Le mode T est le mode automatique conçu pour l’EPR. Il permet un suivi de charge optimisé pour réduire le volume d’effluents tout en augmentant la manœuvrabilité du réacteur. D’autres modes automatiques existent, comme le mode X du palier N4, qui permet un contrôle automatique de l’axial offset. Cependant, les 4 centrales du palier N4 sont pilotées en mode A à cause du risque IPG lié à la présence d’un groupe fortement inséré dans le mode X. On se contentera ici de présenter le mode T [58].

Le mode T se fixe pour objectif de contrôler à la fois la température moyenne, l’axial offset, et la capacité de retour en puissancePmax. Les barres de contrôle et le bore sont gérés de manière automatique.

Les cinq sous-groupes de grappes, P1 à P5, sont répartis en deux groupes : — Pbank est asservi à la régulation de la température moyenne,

— Hbank est asservi au contrôle de l’axial offset.

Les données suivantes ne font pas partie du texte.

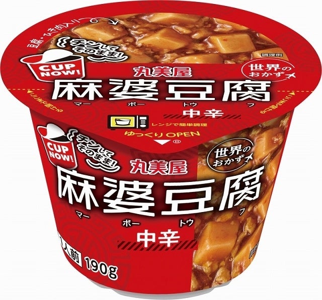 丸美屋食品工業株式会社(本社:東京都杉並区、社長:阿部豊太郎)では、電子レンジで温めるだけで1品惣菜ができるカップ形態の「チンしてそのまま!CUP NOW!」シリーズより、「チンしてそのまま!CUP NOW!<麻婆豆腐中辛>」、「チンしてそのまま!CUP NOW!<四川風麻婆豆腐辛口>」を2022年2月24日(木)から新発売いたします。簡便即食の需要が高まっている中、電子レンジで温めるだけのカップ惣菜シリーズを新たに提案することで、市場を盛り上げます。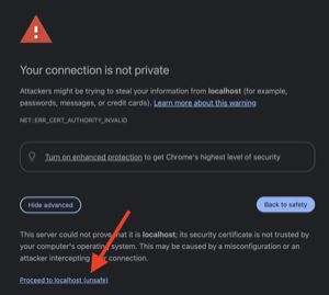 Click Proceed to <proxy-ip> (unsafe) or similar option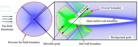 In simulations, the value of the overlapping grids in the field will be redefined without regeneration of all sub-grids, which thereby significantly simplifies the simulation workflows. For multi-element airfoils, the common meshing method is faced with challenges in precise definition of relative motions and high-fidelity simulations of unsteady flow in narrow gaps. In contrast, the overlapping grid approach is more suitable for this situation.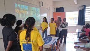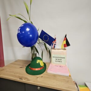 Dès le lundi 6 octobre, le collège a été décoré aux couleurs de l’Europe. Les drapeaux européens des élèves et ceux reçus par Erasmus ont été accrochés à des endroits stratégiques dans le collège (les préaux, la cantine, le panneau « ouverture internationale, l’administration, l’accueil, l’infirmerie, la salle du personnel, le bureau du CPE) et ont été affichés sur des panneaux lièges devant la vie scolaire et le CDI. Nous remercions les agents pour leur aide précieuse dans la logistique ainsi que M.HOARAU Karl et les élèves de la SEGPA pour leur aide précieuse.

La répartition des sous-groupes dans ces deux groupes dépend du niveau de puissance. À haute puissance, P1 est suffisant pour réguler la température, puis progressivement quand la puissance descend P2 passe dans

Pbank, et ainsi de suite. Les barres du groupePbank sont assez insérées dans le cœur. Même à 100% PN, P1 est

un peu plus inséré que les autres groupes.

Les barres du groupe Hbank restent proches du haut du cœur afin d’avoir un impact maximal sur l’axial

offset. Le réglage de l’axial offset se fait par mouvements compensés de Pbank et Hbank. On utilise d’abord

les barres de Hbank pour régler l’axial offset parce qu’elles ont un effet très important sur la distribution du

flux, puis on compense l’insertion/extraction de réactivité par un mouvement contraire dePbank, qui ne va pas

beaucoup modifier la distribution de puissance étant donné que les barres sont très insérées.

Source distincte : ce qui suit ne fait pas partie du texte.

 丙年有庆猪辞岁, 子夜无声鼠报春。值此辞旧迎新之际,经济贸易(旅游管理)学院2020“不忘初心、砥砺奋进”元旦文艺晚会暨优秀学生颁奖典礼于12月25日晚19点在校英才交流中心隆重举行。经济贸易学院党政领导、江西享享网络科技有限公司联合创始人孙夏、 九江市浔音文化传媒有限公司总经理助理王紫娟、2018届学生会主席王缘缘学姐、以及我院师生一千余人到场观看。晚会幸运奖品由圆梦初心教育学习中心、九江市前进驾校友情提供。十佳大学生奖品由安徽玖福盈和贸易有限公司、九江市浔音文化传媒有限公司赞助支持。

Le bore sert à contrôler Pmax. En effet, avec les deux mécanismes présentés au-dessus, rien n’assure que

l’extraction des barres puisse permettre de ramener le cœur à sa puissance nominale. Comme sur le mode G, une courbe de calibrage donnant la position de Pbank permettant d’assurer la compensation du défaut de

puissance est générée. Le bore est utilisé pour réguler la position dePbank autour de cette consigne. L’avantage

par rapport au mode G est que la valeur de Pmax est réglable. Ainsi, si l’opérateur sait qu’il va effectuer un

transitoire et qu’il n’aura pas besoin de remonter à 100% PN, il peut décider de sacrifier laPmax de façon à

réduire le volume d’effluents. C’est alorsPbank qui va compenser l’empoisonnement xénon.